Pain is bearable but the exhaustion is hard to cope with.
PMR is life changing, lie back, relax and smell the roses. You may find that some things are now more difficult but there are new things you can try that you do not yet know about. The mantra is rest, rest, rest. Just take it easy and enjoy life.
Well done, Groggrim, acceptance is such a hard lesson to learn. I'm with you on needing to be in control. I'm in NZ visiting family and frustrated that I don't have the oomph do much and have to rely on being taken everywhere. Used to take pride in being a fit and independent woman but she seems to have disappeared. Thanks for your insight into the roots of your mindset, it is helpful.
I think there is a degree of bereavement here. Grief for the loss of health and strength, also a certain amount of independence. Loss of security in the future. Loss of who we were, who we hoped to be and who we have become. Bereavement is not just about death but about loss and coming to terms with a new reality.
This is true and we all miss our former, more fit and able bodies. However, I counter those feelings by reminding myself and being grateful for the fact that PMR is not terminal and can be managed, unlike ALS and other things that friends are dealing with.
Yes, and getting old(er) is in itself a kind of loss of the adult we were, and so compounds the feelings of bereavement. I've often felt that loss and change were opposite sides of the same coin. But change brings opportunities so I guess it is our task to adapt and rebuild positively. For ourselves and not for the archaic rule makers we seem to hold within!
Good evening, been chilly and miserable here today. Such a change in the weather. Like many, probably most us here you have developed a disease/ailment that you had probably never heard of.
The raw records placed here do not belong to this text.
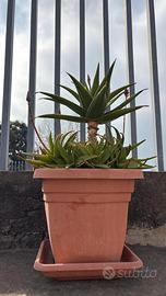 Aloe matura: Pianta grande e sviluppata in altezza, con un vaso pieno di numerosi polloni (figli) alla base.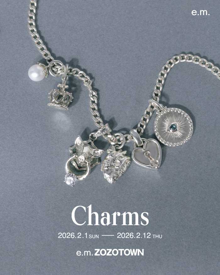 ジュエリーブランドe.m.から、感性を刺激する限定イベント「Charms」がZOZOTOWNで開催されます。アンティーク感漂うモチーフから遊び心あふれるデザインまで、物語性のあるチャームが勢ぞろい。受注販売だからこそ叶う、自分らしい組み合わせを考える時間も魅力のひとつです。身に着けるたび気分が高まる、とっておきのチャーム選びを楽しんでみて。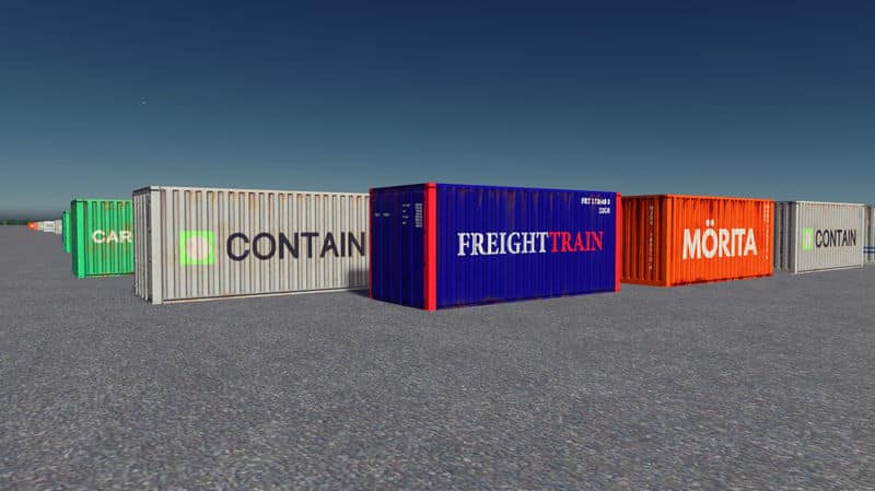 A pack of 20 ft containers with all your favorite brands by bsquiklehausen. Visit his workshop for freight trains and props matching these containers.
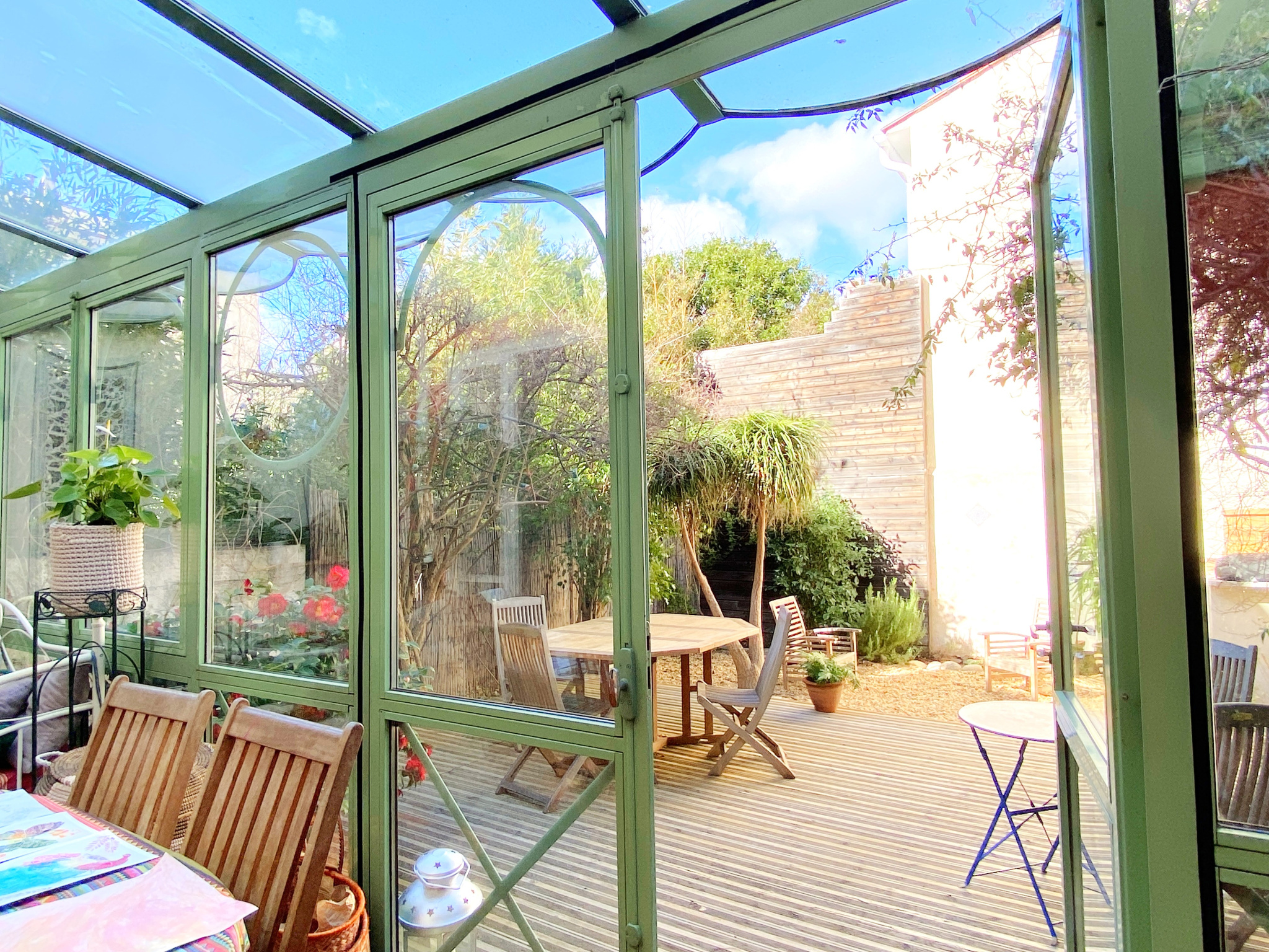 C'est un plaisir de vous présenter cette maison de ville, pleine de charme, à l'abri des regards... Au coeur de la ville, à l'abri de toute nuisance, cette élégante et charmante maison de ville développe environ 160m2 habitables, nichée dans un jardin généreux et verdoyant. L'espace de vie, aux volumes harmonieux, s'ouvre largement sur la véranda, les terrasses et le jardin, offrant une continuité naturelle entre intérieur et extérieur. Cette maison de ville, rare, conjugue avec élégance l'art de vivre citadin et la sérénité d'un véritable cocon de verdure. Le salon et sa cheminée s'ouvre sur la véranda et jardin, 3 grandes chambres à l'étage, deux salles de bains, et encore de belles possibilités d'aménagement pour créer les espaces dont vous rêvez : bureau, suite supplémentaire, salle de loisirs... Un autre atout majeur : un garage-dépendance de 50m2 au sol, en R+1, potentiel pour créer un logement ou un atelier.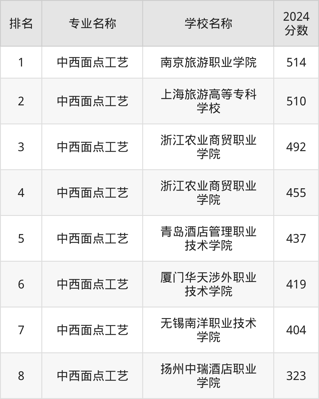 参考2024年山东各专业分数线,各大学中西面点工艺专业的分数线为:南京旅游职业学院514分、上海旅游高等专科学校510分等,更多数据详见下文。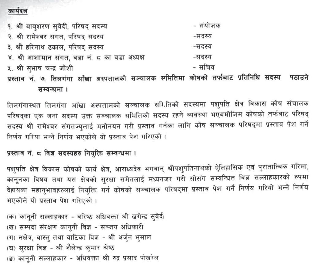 ‘पशुपति क्षेत्र विकास कोषको कार्यक्षेत्र, आराध्यदेव भगवान् श्री पशुपतिनाथको ऐतिहासिक एवं पुरातात्विक गरिमा, कानुनका विषय तथा यस क्षेत्रको सुरक्षासमेतलाई मध्यनजर गरी सोसँग सम्बन्धित विज्ञ सल्लाहकारको रूपमा देहायका महानुभावहरूलाई नियुक्ति गर्न कोष सञ्चालक परिषदमा प्रस्ताव पेस गर्ने निर्णय गरियो भन्ने निर्णय भएकाले यो प्रस्ताव पेस गरियो,’ सदस्यसचिवले परिषदमा पेस गर्न तयार पारेको प्रतिवेदनमा उल्लेख छ ।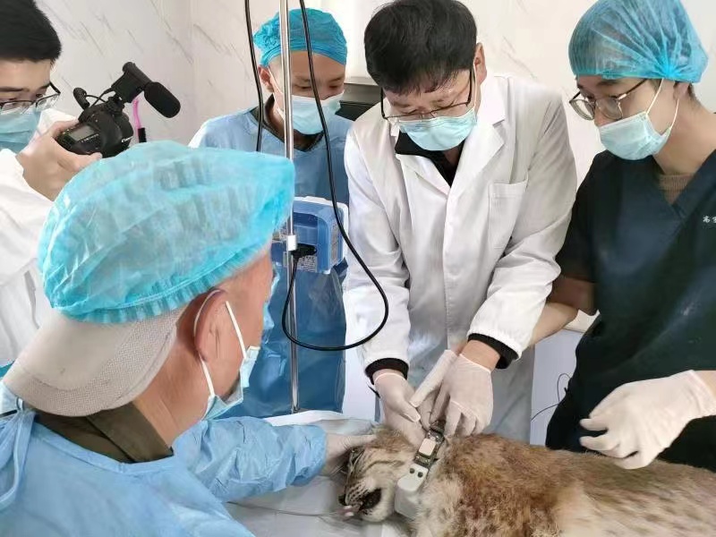 青海野生動物救護(hù)繁育中心工作人員正在救助猞猁。(圖片由青海省林業(yè)和草原局提供)
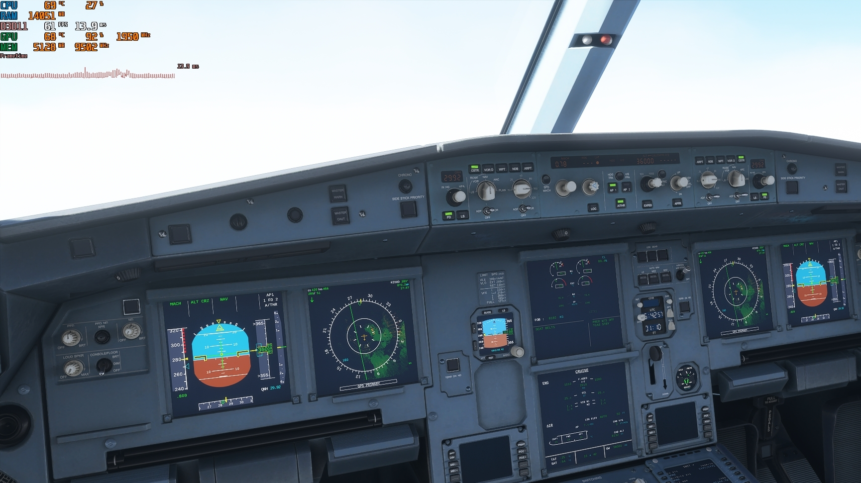 Glass cockpit refresh rate at low seems to work very well! those are the gpu usage readings im used to. I noticed that frametime shows to be really spiky in cockpit, i’d bet my right hand that each of those spikes represent the refresh frequency of the glass cockpit… Outside view is a straight line without any spikes.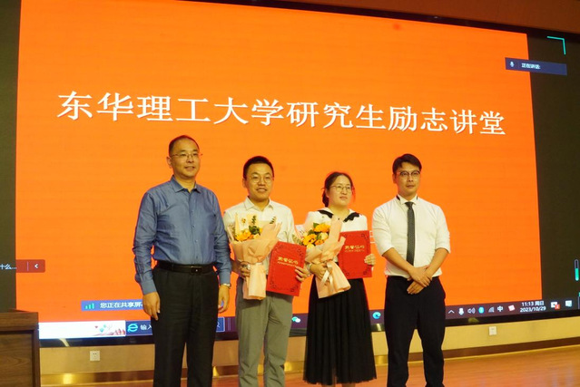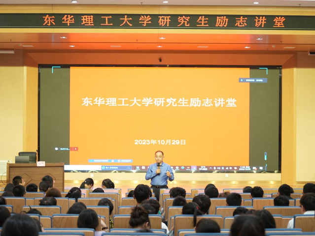 10月29日上午,东华理工大学研究生院在广兰校区新实验大楼一楼报告厅举办了研究生励志讲堂(第二、三讲),东华理工大学校长徐景坤受邀出席。海南大学王同洲博士、嘉兴学院姚媛媛博士分别做了题为“未来掌握在自己手中”“越努力越幸运”的专题讲座。本次讲座采用线上线下的方式同步进行,东华理工大学、江西科技师范大学两校共计500余人观看。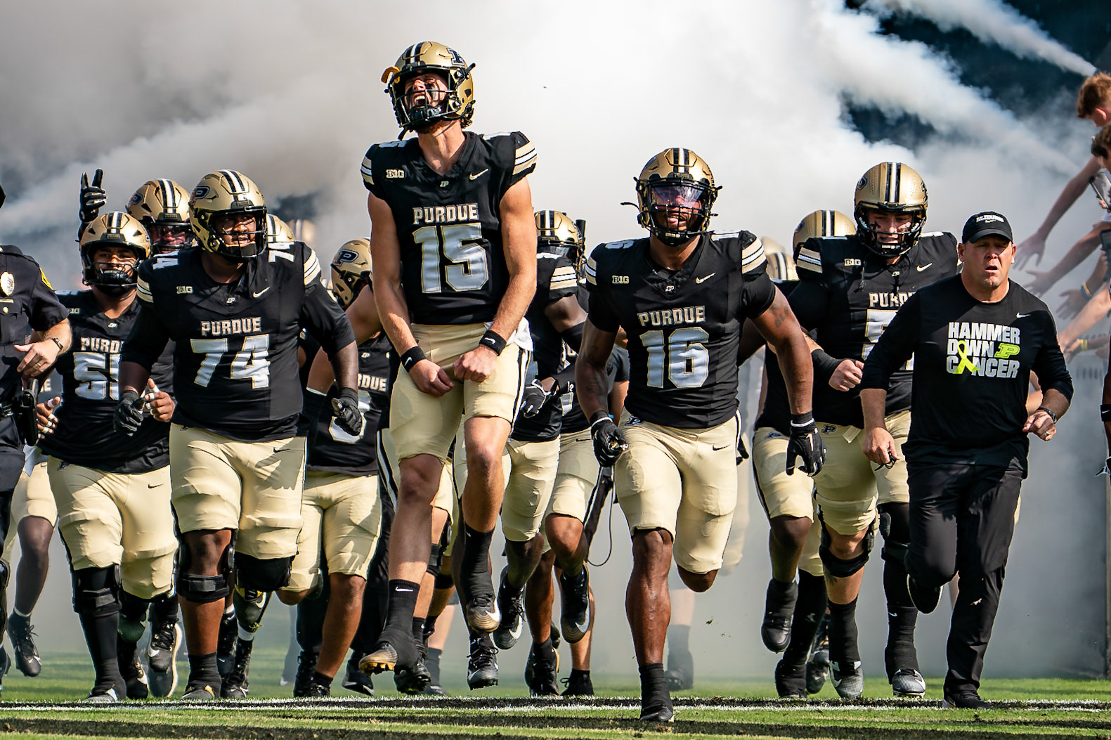 WEST LAFAYETTE, IN - OCTOBER 4, 2025: Purdue University Sophomore Quarterback Ryan Browne (15) shows his excitement as Head Coach Barry Odom, Senior Linebacker Mani Powell (16), and Senior Offensive Lineman Jalen St. John (74) come out of the tunnel just before the Purdue Boilermaker Football vs University of Illinois Fighting Illini at Ross-Ade Stadium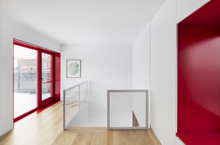 La mezzanine, perchée au sommet du nouveau volume, accueille la chambre des maîtres ainsi qu’un accès à une nouvelle terrasse sur le toit.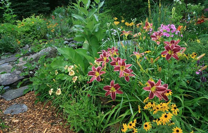 Лилейник среднего или высокого роста можно "задвинуть" и во второй ряд. Высокие сорта вполне годятся и для солитерной посадки. А те, что пониже, с успехом выполнят роль необычного бордюра вдоль дорожки.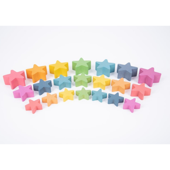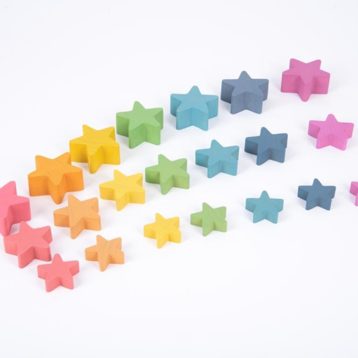 Este conjunto de estrelas, em madeira faia, com as sete cores do arco-íris vão proporcionar muitos momentos de diversão aos pequenos exploradores. As estrelas são um recurso tátil adorável, robusto o suficiente para mãos pequenas manipularem.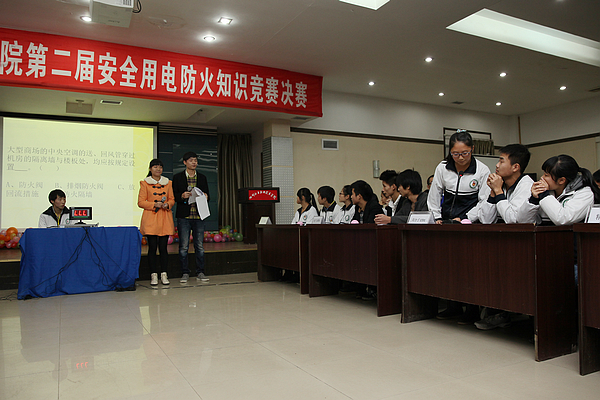 12月4日晚,四川化工职业技术学院第二届安全用电防火知识竞赛决赛在行政楼五楼会议室隆重举行。此次竞赛由学院保卫处、后勤服务与产业总公司、院团委、学生处主办,旨在加强我院学生安全教育和安全管理工作,使广大学生在丰富有趣的竞赛氛围中增强安全防范意识,提高应对紧急事故的能力,共同营造一个安全、和谐的“平安校园”。学院后勤服务与产业总公司王晓霞副总经理、廖寻真副总经理,经济管理系团总支张林园书记,保卫处姚继、李祖贵两位老师,学院宿管中心王雪梅老师、学生处江劲老师到现场观看了比赛。
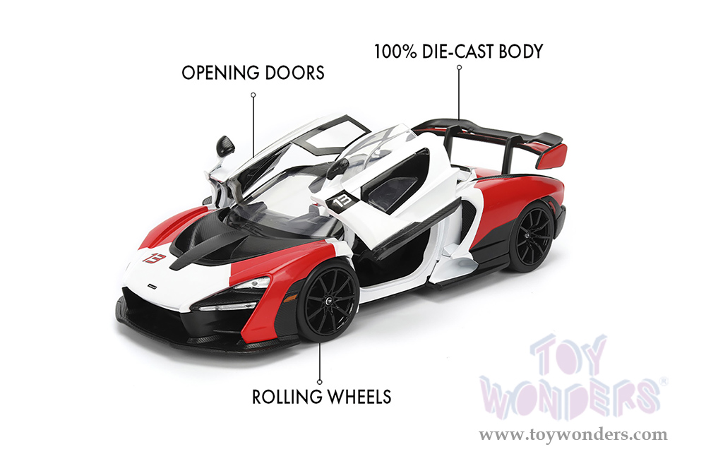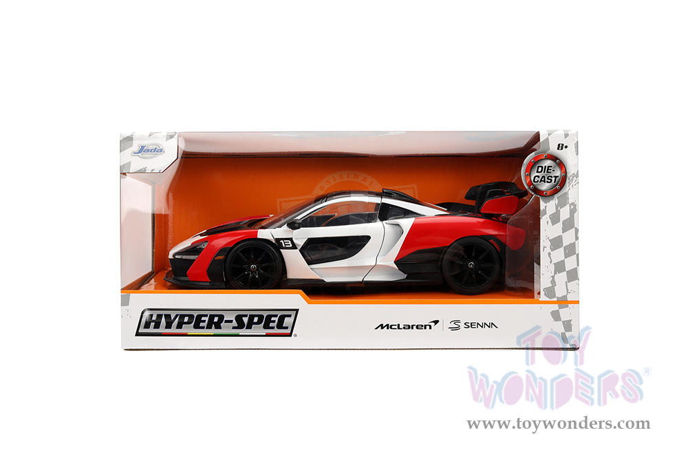 36370 Jada Toys Hyper-Spec - McLaren Senna Hardtop. 1:24 scale diecast collectible model car. This McLaren is an 8"Lx 3.25"Wx 2.25"H diecast metal car with freewheeling, openable hood, doors and trunk. Detailed interior and exterior. This car is manufactured by Jada Toys. It comes individually packed in a window box. Window box is 10"L x 4.75"W x 4.75"H. Item 36370 is in white and red with black top.

To go with that you then, eventually find out that there is no cure, only a little white, in my case, tablet that only controls the symptoms and has the ability to do all sorts of other unfriendly things to you, until the inflammation decides, when it's ready, to go away. Might be two years, more likely to be five or six or more.
The hardest part then becomes the acceptance of what you are suffering from and how the medication works. No, take the pills for two weeks and all is back to normal. Even worse, you eventually find out that if you try to rush things you end up having to up the medication and possibly get back to where you started from.
You then have to, also, accept that many of the things you did before you can't/mustn't continue with because you are too fatigued.
It is a very big ask of a generation that is/was used to"pushing through" these sorts of problems and not giving in to the bits of pain, discomfort, days off etc.
It's not surprising that it's not easy for us to completely accept the reality of where we are.
You have now got to that point and can spend more time relaxing, working out what you can/can't do today or tomorrow, remembering that you can say No when asked if you can do or go somewhere.
There is no need to apologise for anything that you have done, not done, not listened to, or anything else. Nothing will affect how the people here will continue to try and help everyone who post here with a problem as well as rejoice with a success story.
It's also worth remembering that there are an awful lot of people out there who suffer from far worse things than we do. As Piglette says "relax and enjoy life". Sadly tomorrow's weather forecast is for rain all day so sitting in the garden soaking up the sunshine is also a no no😢
Thank you Bcol. I was familiar with PMR as my aunt suffered with it. There is a lot of autoimmune illness in my family history going back at least 5 generations on my mother's side. I have 2, Mum had 3, her sister had 2, her father had 2, her grandmother had 2. We blame my great grandparents who were first cousins. They had two sons and the AI gene was clearly passed on from their union. I'm ok on the whole, an occasional pity party when I can't take part in an important family event, but I've stopped acting like a sulky child and and am working on getting it in perspective.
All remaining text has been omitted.